Excerpted data |
===============
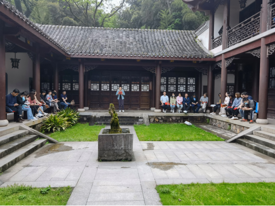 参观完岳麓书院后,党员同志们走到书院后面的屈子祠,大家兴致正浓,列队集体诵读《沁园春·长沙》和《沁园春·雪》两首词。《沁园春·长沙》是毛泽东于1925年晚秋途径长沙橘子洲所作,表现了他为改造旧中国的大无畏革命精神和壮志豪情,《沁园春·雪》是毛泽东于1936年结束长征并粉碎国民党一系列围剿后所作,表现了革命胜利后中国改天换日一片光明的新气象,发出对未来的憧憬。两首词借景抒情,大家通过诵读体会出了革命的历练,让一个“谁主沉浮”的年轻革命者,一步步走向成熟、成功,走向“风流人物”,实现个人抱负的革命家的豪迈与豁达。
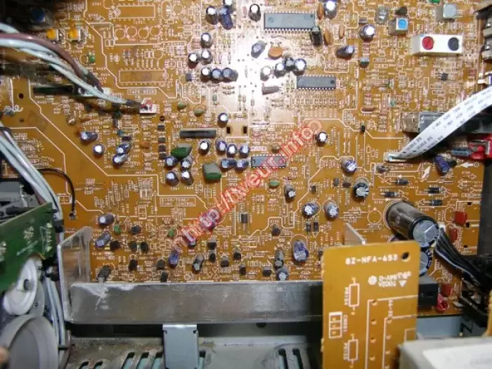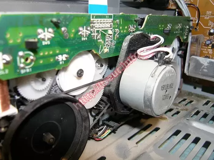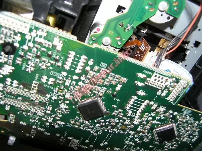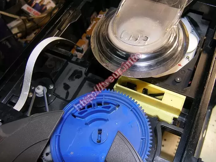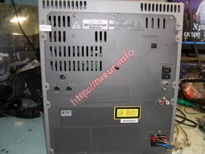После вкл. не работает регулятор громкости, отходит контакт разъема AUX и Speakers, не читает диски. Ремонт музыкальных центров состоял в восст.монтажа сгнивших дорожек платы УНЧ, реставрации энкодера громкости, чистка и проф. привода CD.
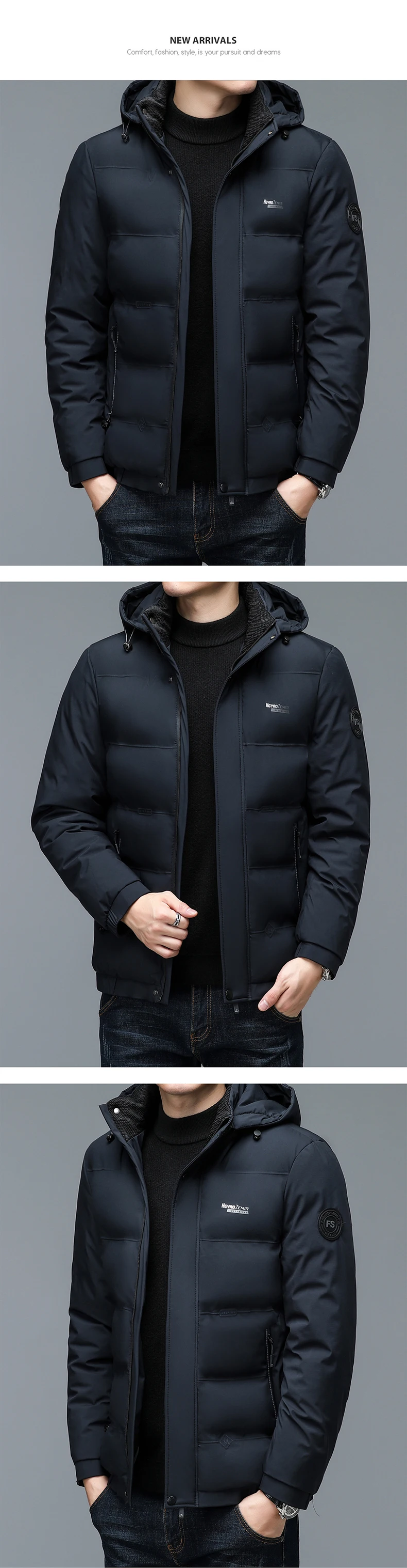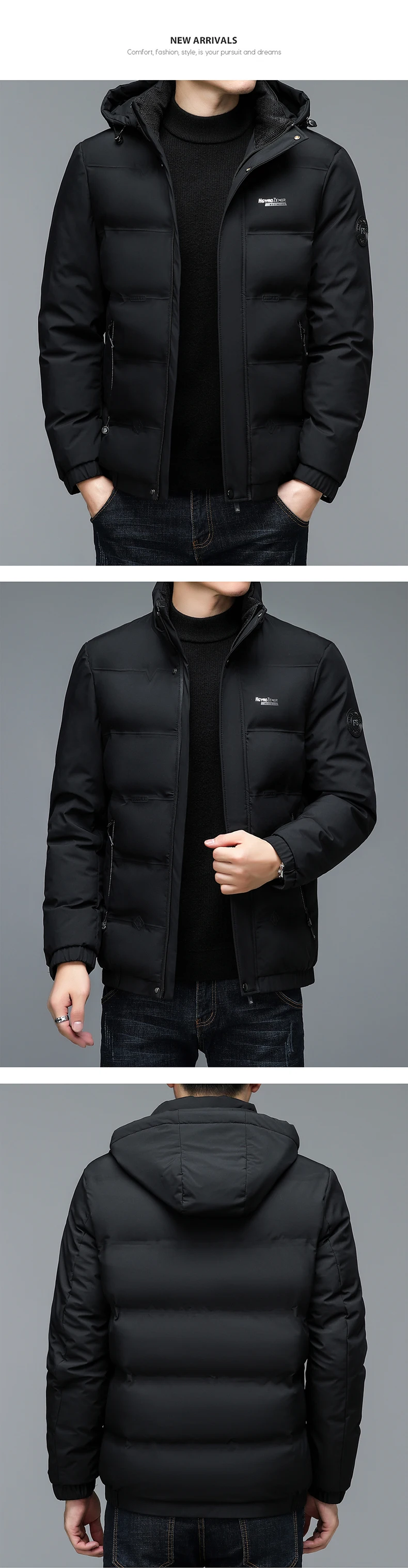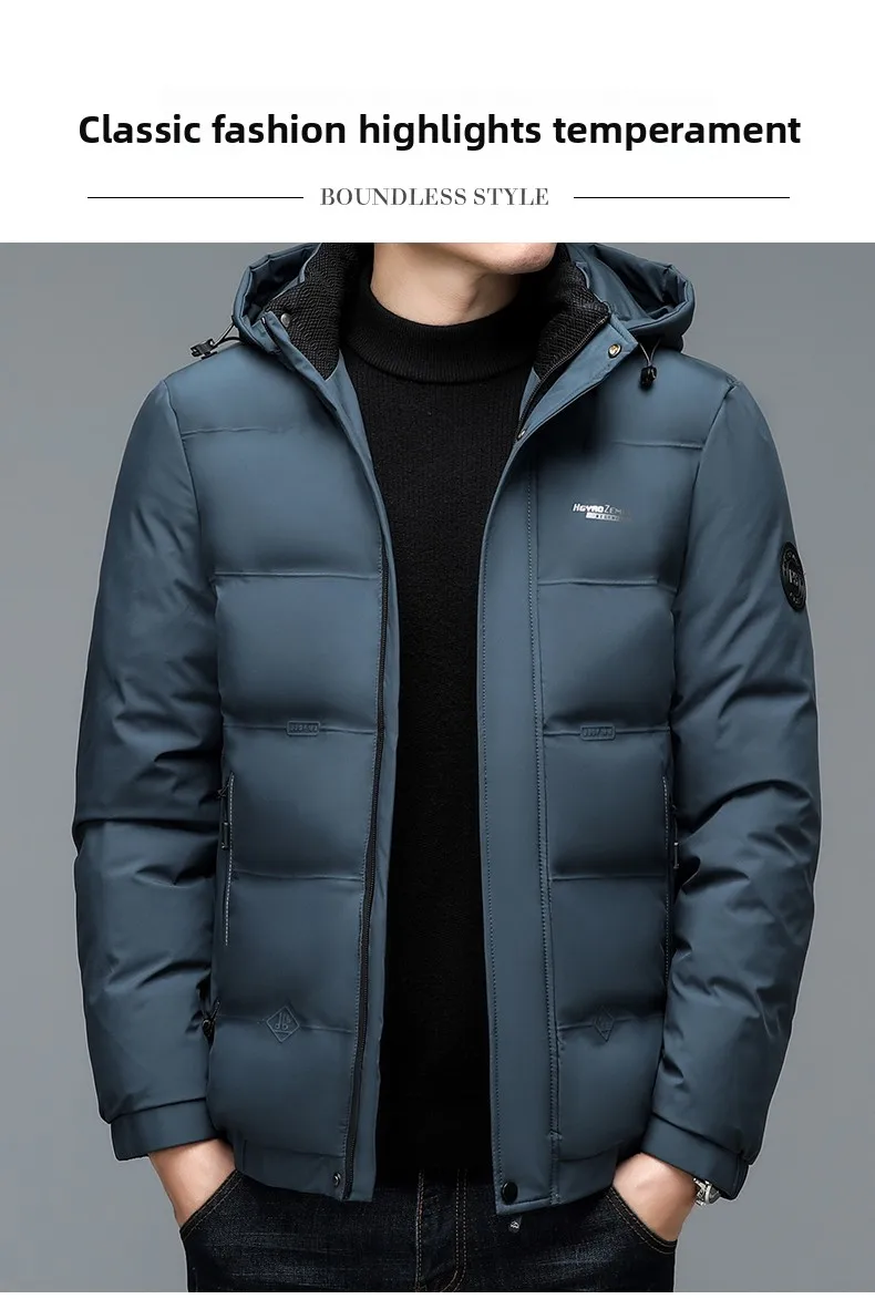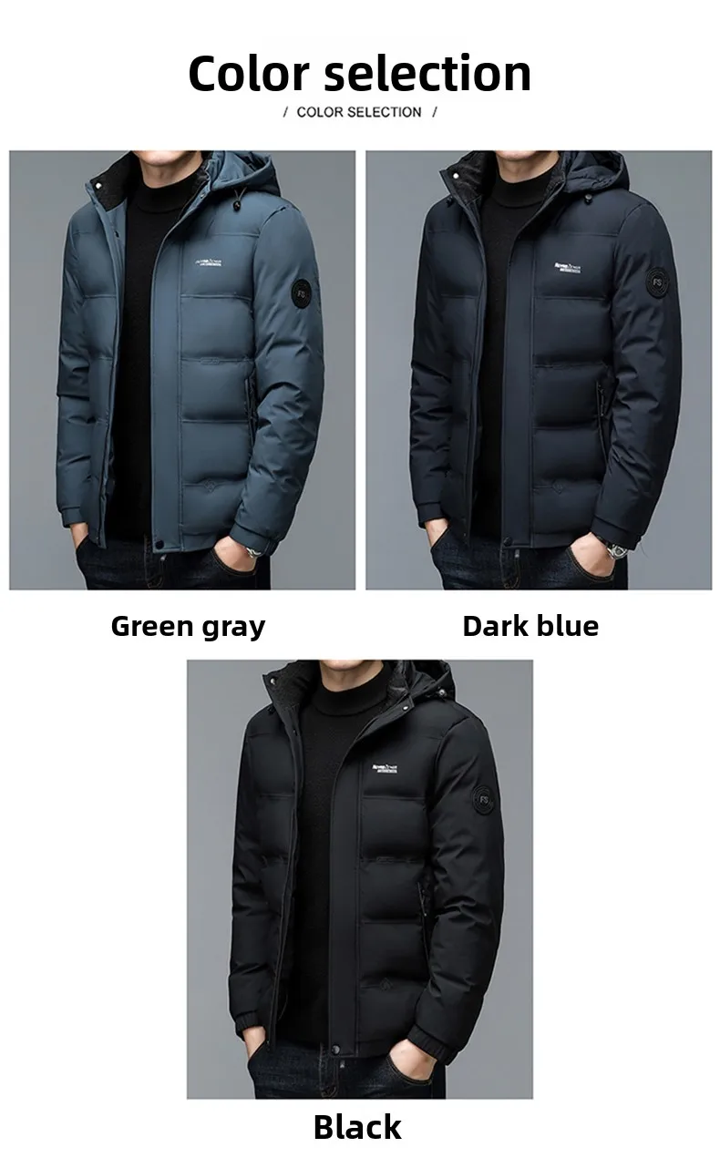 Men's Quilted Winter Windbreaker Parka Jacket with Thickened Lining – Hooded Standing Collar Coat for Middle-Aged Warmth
===============
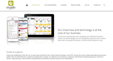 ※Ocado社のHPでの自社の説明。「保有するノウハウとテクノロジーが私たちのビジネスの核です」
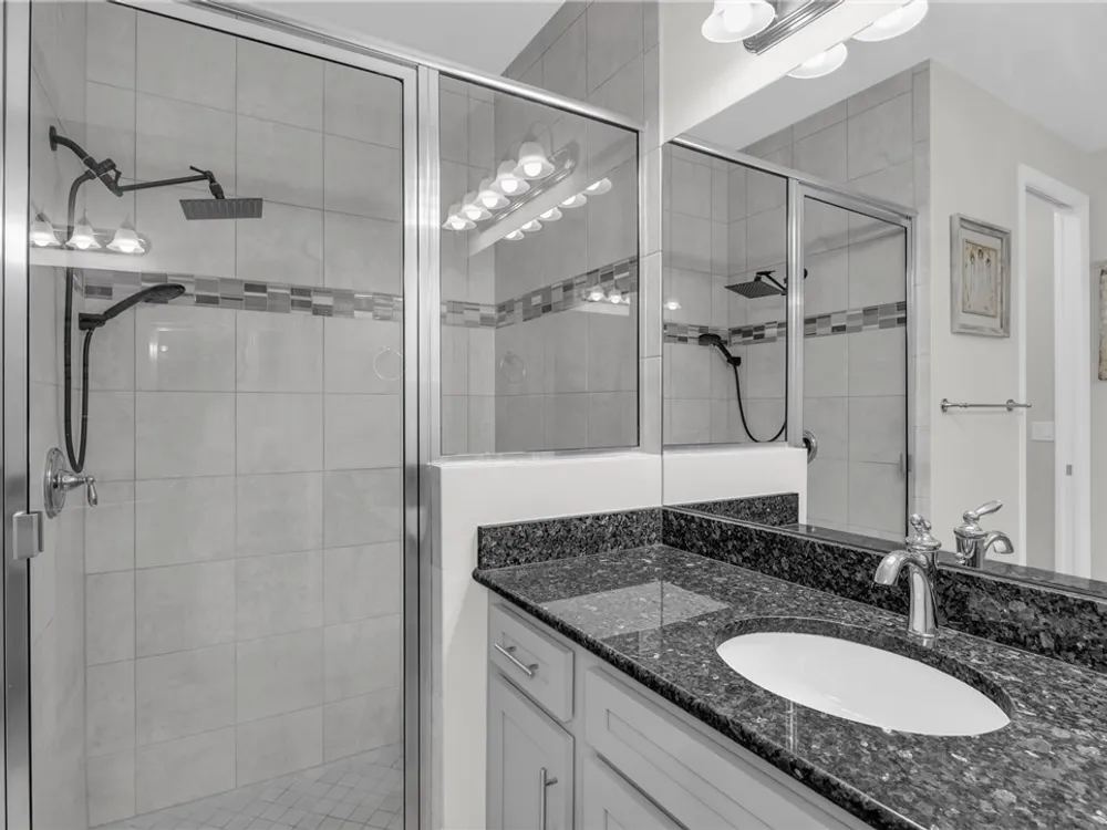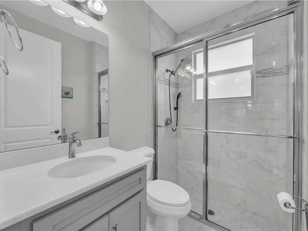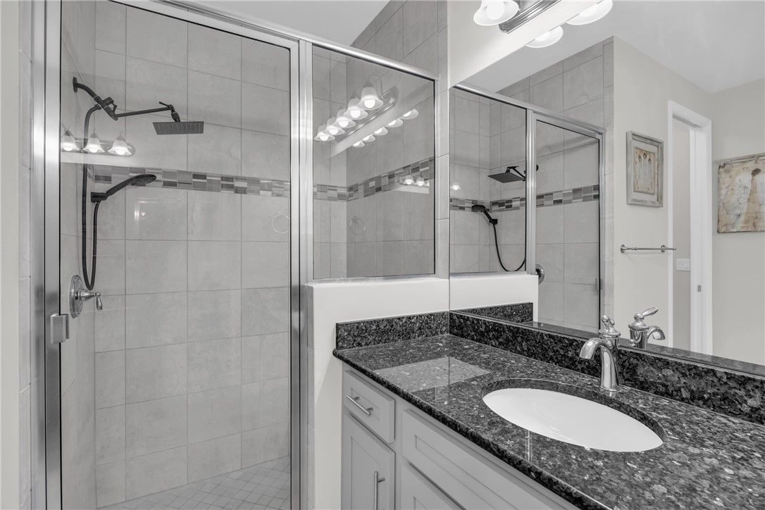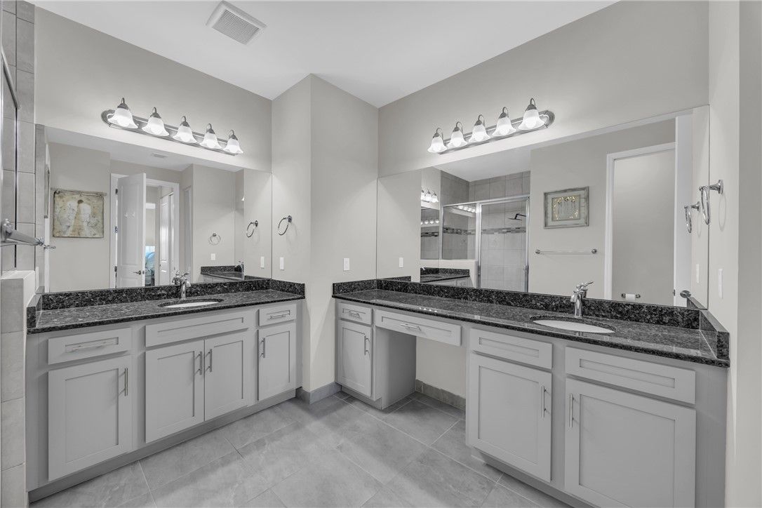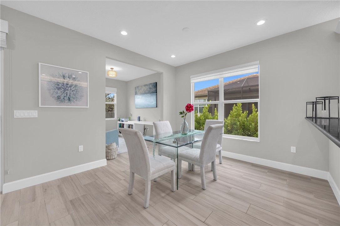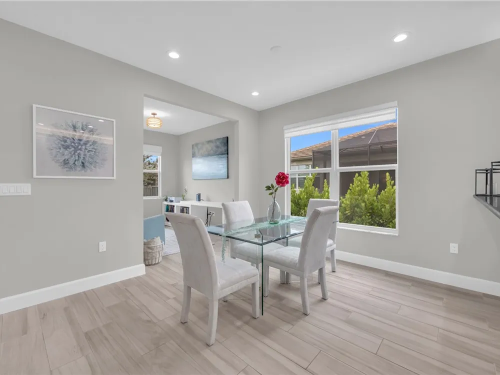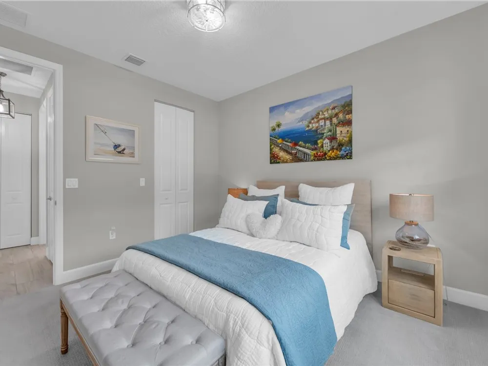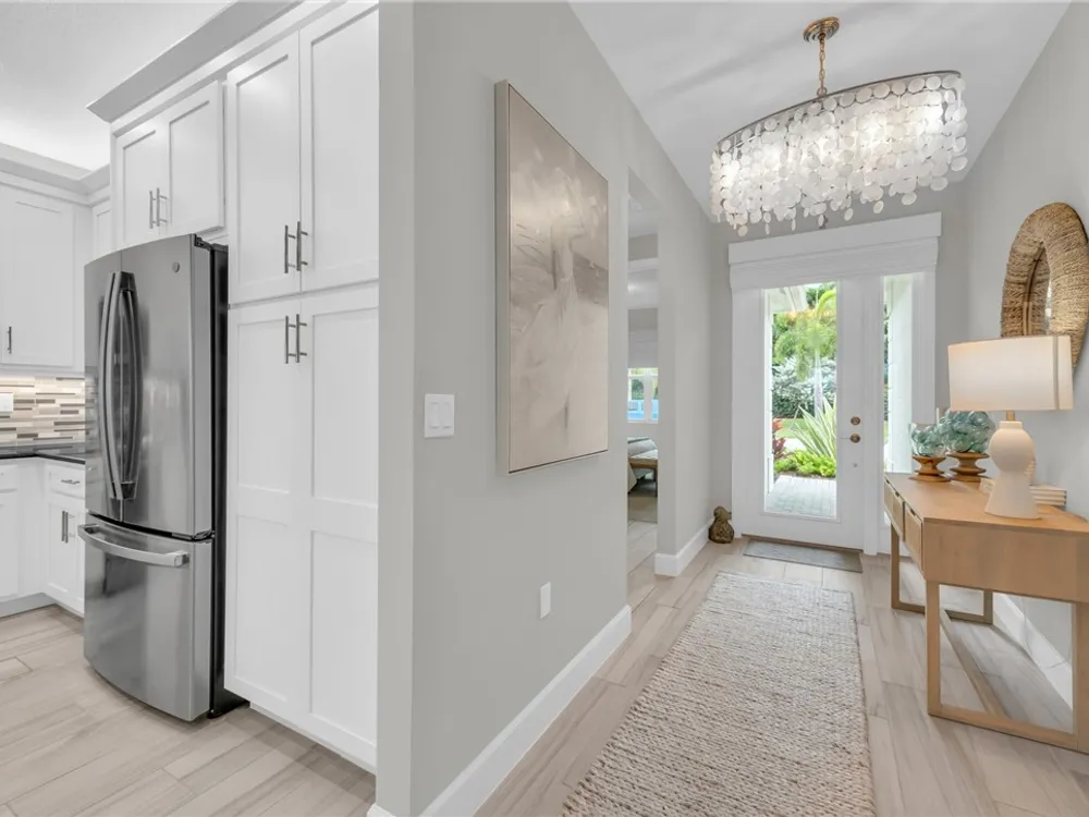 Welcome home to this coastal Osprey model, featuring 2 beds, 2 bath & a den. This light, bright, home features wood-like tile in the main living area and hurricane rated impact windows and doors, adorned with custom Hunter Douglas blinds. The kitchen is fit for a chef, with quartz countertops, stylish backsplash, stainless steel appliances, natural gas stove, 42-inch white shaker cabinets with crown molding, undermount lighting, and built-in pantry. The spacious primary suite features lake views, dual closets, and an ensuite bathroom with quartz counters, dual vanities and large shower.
===============
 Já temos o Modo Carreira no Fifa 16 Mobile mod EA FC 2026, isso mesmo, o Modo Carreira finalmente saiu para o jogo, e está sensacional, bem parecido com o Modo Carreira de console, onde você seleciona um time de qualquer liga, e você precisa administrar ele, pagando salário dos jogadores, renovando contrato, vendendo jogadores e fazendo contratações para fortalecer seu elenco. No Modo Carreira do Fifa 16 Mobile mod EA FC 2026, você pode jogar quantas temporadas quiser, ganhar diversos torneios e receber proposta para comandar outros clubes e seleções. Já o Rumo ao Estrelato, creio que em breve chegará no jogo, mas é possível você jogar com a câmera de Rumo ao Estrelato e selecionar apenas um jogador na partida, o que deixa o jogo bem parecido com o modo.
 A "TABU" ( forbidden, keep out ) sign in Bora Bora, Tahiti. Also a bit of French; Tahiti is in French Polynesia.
===============
Print only what lies in the material above starting at the line with "Já temos o Modo" and ending at the line with "in French Polynesia.", every line exactly as given.

 Já temos o Modo Carreira no Fifa 16 Mobile mod EA FC 2026, isso mesmo, o Modo Carreira finalmente saiu para o jogo, e está sensacional, bem parecido com o Modo Carreira de console, onde você seleciona um time de qualquer liga, e você precisa administrar ele, pagando salário dos jogadores, renovando contrato, vendendo jogadores e fazendo contratações para fortalecer seu elenco. No Modo Carreira do Fifa 16 Mobile mod EA FC 2026, você pode jogar quantas temporadas quiser, ganhar diversos torneios e receber proposta para comandar outros clubes e seleções. Já o Rumo ao Estrelato, creio que em breve chegará no jogo, mas é possível você jogar com a câmera de Rumo ao Estrelato e selecionar apenas um jogador na partida, o que deixa o jogo bem parecido com o modo.
 A "TABU" ( forbidden, keep out ) sign in Bora Bora, Tahiti. Also a bit of French; Tahiti is in French Polynesia.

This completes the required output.